In the PDP according to the third aspect of the present invention, since the PDP back plate according to the first or second aspect of the invention is provided, high contrast of image display, high light reflectance, and high mechanical strength of partition walls are simultaneously paralleled. Realized

In the manufacturing method according to the fourth aspect of the present invention, it is possible to easily manufacture a back panel for a PDP which simultaneously realizes high image display contrast, high light reflectance, and high partition wall mechanical strength in parallel. .

In the manufacturing method according to the fifth aspect of the present invention, since the reflection film contains the high-reflectance material, it is possible to manufacture a PDP back plate having a higher light reflectance.

In the manufacturing method according to the sixth aspect of the present invention, since the reflection film is formed by applying a paste-like material, not only the formation of the reflection film is easy, but also the fine irregularities on the side surfaces of the partition walls are reflected. The film can be easily covered and hidden, and the reflectance can be further increased.

[Brief description of the drawings]

FIG. 1 is a sectional perspective view of a PDP back plate according to an embodiment.

FIG. 2 is a manufacturing process diagram of the PDP back plate of the embodiment.

FIG. 3 is a manufacturing process diagram of the PDP back plate according to the embodiment.

FIG. 4 is a manufacturing process diagram of the PDP back plate of the embodiment.

FIG. 5 is a manufacturing process diagram of the PDP back plate of the embodiment.

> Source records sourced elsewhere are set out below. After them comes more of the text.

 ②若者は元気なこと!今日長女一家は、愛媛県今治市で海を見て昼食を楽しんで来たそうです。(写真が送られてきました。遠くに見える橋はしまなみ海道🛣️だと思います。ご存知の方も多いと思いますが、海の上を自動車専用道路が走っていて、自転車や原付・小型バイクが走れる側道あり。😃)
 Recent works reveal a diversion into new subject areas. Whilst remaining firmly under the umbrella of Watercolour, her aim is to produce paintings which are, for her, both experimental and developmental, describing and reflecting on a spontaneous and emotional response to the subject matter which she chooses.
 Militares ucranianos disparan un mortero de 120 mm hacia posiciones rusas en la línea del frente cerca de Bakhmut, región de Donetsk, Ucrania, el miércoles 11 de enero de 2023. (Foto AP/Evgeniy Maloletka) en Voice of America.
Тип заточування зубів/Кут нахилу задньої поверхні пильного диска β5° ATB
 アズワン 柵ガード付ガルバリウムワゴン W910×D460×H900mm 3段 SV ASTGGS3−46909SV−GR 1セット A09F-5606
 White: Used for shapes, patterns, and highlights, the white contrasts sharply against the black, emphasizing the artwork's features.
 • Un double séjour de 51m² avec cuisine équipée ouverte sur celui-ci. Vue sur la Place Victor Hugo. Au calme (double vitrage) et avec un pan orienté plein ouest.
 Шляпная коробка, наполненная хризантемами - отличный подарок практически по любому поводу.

FIG. 6 is a manufacturing process diagram of the PDP back plate of the embodiment.

FIG. 7 is a sectional perspective view of a conventional PDP back plate.

FIG. 8 is a manufacturing process diagram of a conventional PDP back plate.

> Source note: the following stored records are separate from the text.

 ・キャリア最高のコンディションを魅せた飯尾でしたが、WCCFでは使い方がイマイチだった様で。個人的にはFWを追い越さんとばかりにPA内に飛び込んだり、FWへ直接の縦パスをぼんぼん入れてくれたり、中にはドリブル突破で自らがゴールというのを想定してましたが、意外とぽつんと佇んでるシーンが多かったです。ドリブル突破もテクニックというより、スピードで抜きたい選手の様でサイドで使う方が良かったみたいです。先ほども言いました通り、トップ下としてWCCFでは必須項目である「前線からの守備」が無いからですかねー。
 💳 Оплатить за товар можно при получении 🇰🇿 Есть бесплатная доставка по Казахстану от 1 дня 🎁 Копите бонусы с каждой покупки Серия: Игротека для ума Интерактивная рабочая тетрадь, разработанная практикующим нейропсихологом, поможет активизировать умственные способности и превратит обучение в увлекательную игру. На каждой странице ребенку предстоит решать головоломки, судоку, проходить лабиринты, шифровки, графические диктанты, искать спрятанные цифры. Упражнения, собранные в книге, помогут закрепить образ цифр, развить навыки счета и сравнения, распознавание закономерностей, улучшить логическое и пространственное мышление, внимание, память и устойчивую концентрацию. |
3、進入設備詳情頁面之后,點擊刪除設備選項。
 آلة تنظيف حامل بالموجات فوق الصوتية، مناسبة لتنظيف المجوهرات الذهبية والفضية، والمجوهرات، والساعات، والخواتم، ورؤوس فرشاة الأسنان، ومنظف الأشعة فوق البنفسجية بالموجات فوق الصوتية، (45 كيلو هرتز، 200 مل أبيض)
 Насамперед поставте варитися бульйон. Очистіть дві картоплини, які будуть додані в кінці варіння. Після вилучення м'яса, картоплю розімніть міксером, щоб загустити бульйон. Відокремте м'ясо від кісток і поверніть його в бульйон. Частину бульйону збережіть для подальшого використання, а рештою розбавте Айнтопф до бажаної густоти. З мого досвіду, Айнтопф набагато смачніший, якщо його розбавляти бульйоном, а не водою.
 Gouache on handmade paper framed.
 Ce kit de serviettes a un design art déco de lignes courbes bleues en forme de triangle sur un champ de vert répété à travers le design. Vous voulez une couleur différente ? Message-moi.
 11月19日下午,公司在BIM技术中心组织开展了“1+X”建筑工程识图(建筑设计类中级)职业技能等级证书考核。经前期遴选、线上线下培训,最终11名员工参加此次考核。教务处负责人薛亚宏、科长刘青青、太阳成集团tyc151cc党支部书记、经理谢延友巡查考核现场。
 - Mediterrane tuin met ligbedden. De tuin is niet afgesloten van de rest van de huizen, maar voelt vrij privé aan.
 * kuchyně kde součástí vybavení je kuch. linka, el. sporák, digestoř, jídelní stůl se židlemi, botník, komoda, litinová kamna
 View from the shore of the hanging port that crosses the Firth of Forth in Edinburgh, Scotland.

FIG. 9 is a manufacturing process diagram of a conventional PDP back plate.

FIG. 10 is a manufacturing process diagram of a conventional PDP back plate.

FIG. 11 is a manufacturing process diagram of a conventional PDP back plate.

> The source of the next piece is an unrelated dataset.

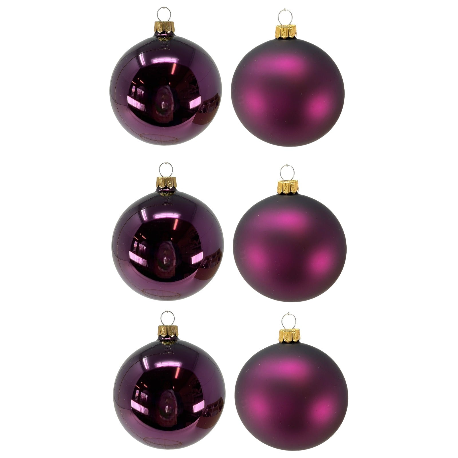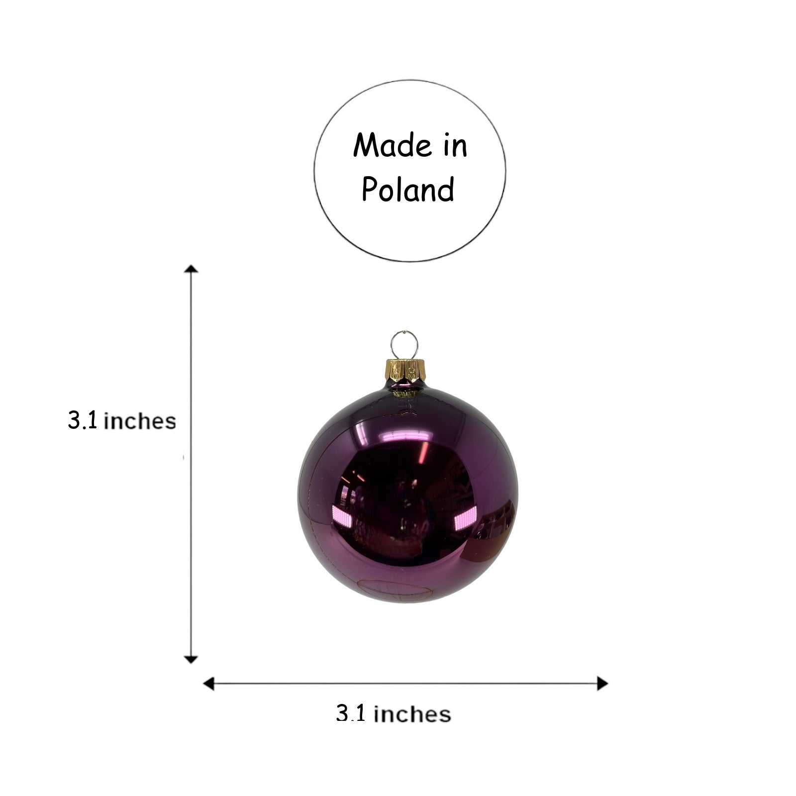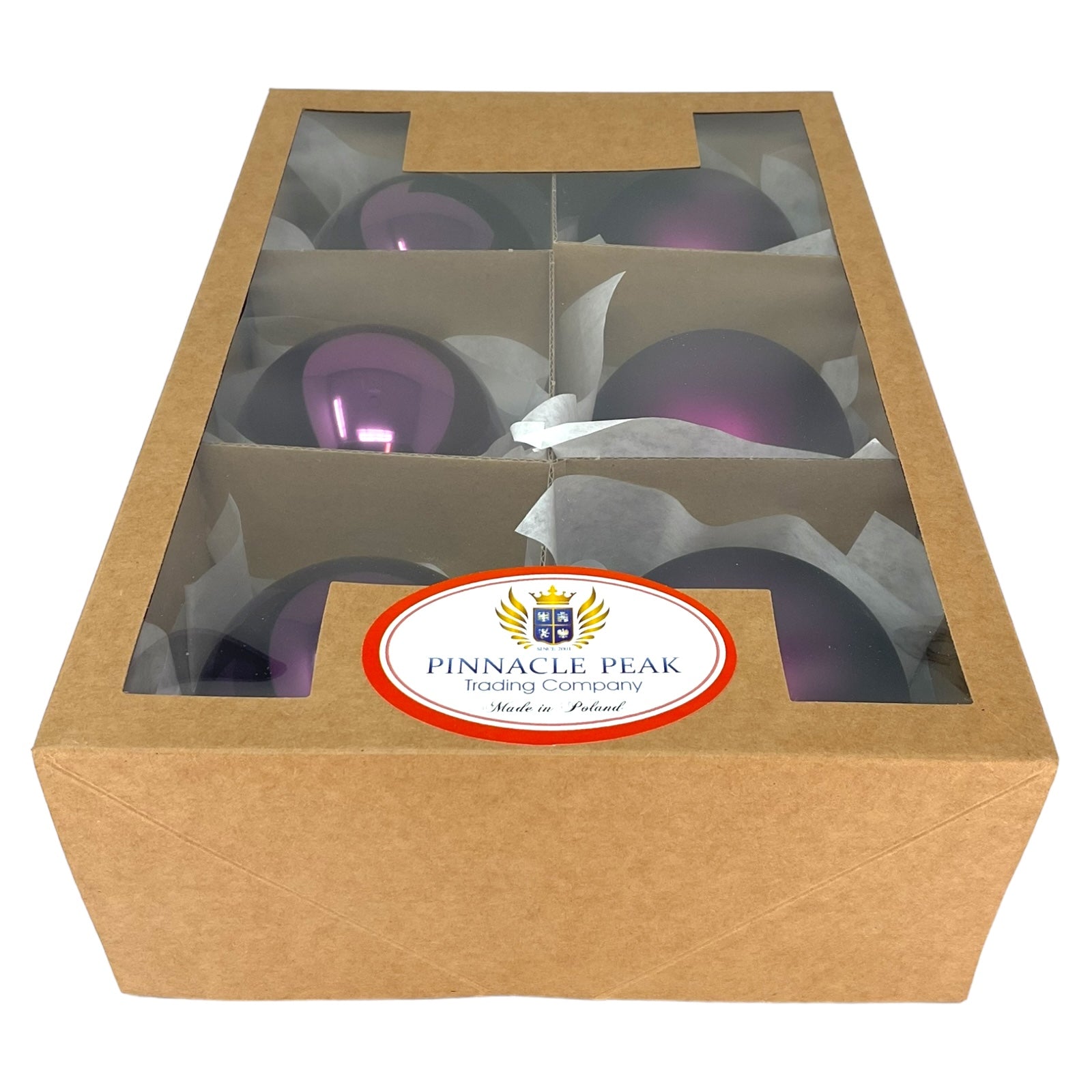 Dark Purple Christmas Ball Set. Set includes 6 ornaments - 3 matte and 3 shiny. Made in Poland. Made from glass. Balls are 80 mm in size (3.1 inch). High quality European ornament from Pinnacle Peak Trading.
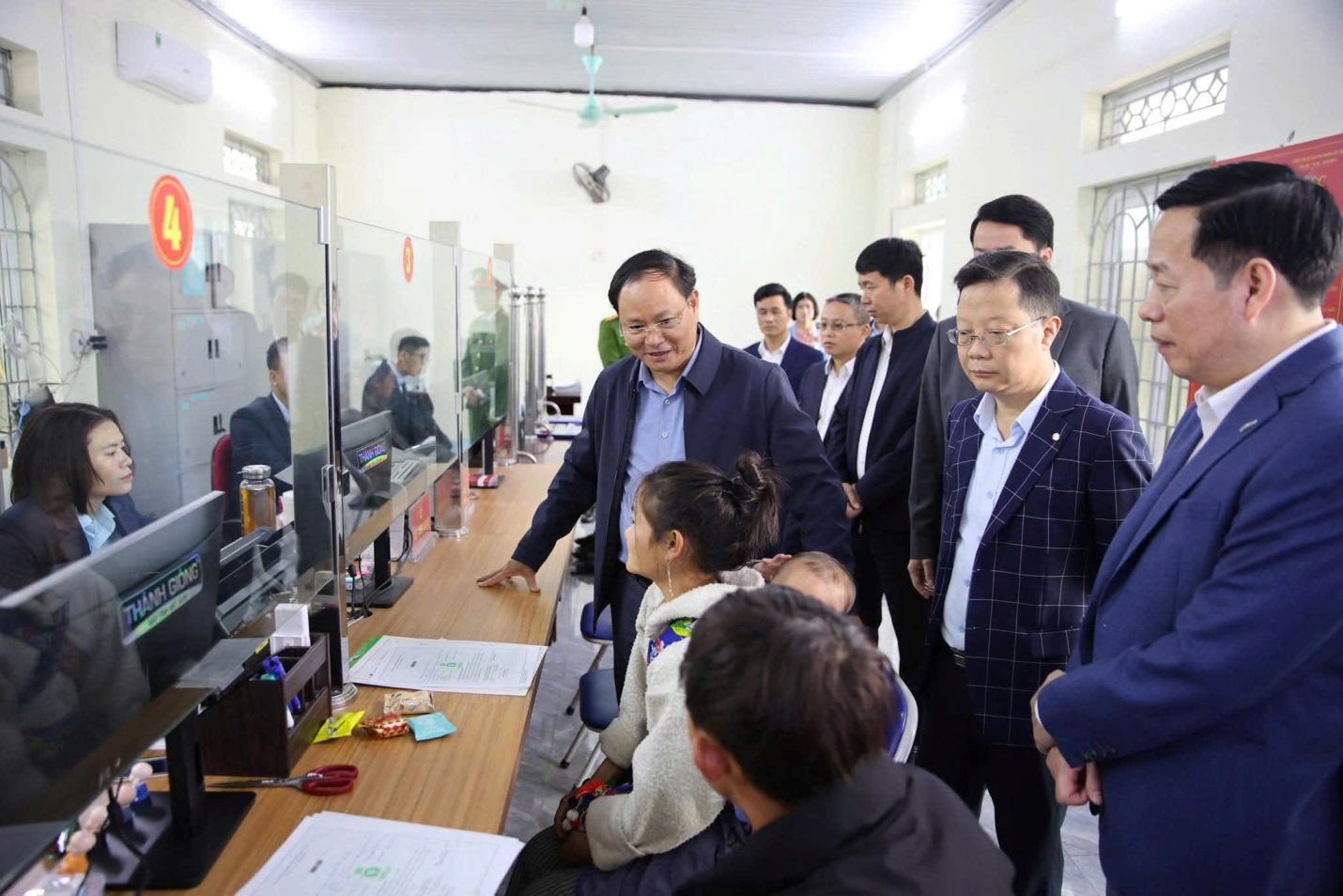 Bí thư Tỉnh uỷ Lê Minh Ngân và các đồng chí Thường trực Tỉnh uỷ thăm, động viên công chức Trung tâm Phục vụ hành chính công xã Sin Suối Hồ và người dân đến giải quyết thủ tục hành chính.

FIG. 12 is a manufacturing process diagram of a conventional PDP back plate.

[Explanation of symbols]

1 glass substrate (substrate), 2 address electrodes, 6 partition, 7 reflective film.

 ──────────────────────────────────────────────────続 き Continuing on the front page (72) Inventor Manabu Akiha 2-3-2 Marunouchi, Chiyoda-ku, Tokyo F-term (reference) 5C027 AA05 AA09 5C040 FA01 FA04 GB03 GB14 GD07 GD09 GF02 GF18 GF19 JA12 KA10 KB15 MA02 MA03 MA09 MA23

Claims (6)

[Claims] A substrate having a main surface; a plurality of address electrodes laid on the main surface; and a dark partition wall laid on the main surface so as to separate the plurality of address electrodes from each other. A back panel for a plasma display panel, comprising: a reflective film covering a side surface of the partition, the address electrode, and the main surface such that a top surface of the partition is exposed. 2. The back plate for a plasma display panel according to claim 1, wherein the reflection film contains at least one selected from the group consisting of titania and zirconia. 3. A plasma display panel comprising a front plate and a back plate combined so as to face each other, and the back plate for a plasma display panel according to claim 1 or 2 as the back plate. 4. A step of preparing a substrate having a main surface, a step of laying a plurality of address electrodes on the main surface, and a step of separating the plurality of address electrodes from each other. Laying a dark partition on the main surface, (d)
A plasma comprising: a step of forming a reflective film so as to cover the partition, the address electrode, and the main surface; and (e) a step of polishing the reflective film so that a top surface of the partition is exposed. A method for manufacturing a rear panel for a display panel. 5. The method according to claim 4, wherein the reflection film contains at least one selected from the group consisting of titania and zirconia. 6. The method according to claim 6, wherein the step (d) includes a step (d-1) of applying a material for the reflective film in the form of a paste. The method for manufacturing a back plate for a plasma display panel according to claim 4, further comprising a step of solidifying the material of the reflection film by performing baking.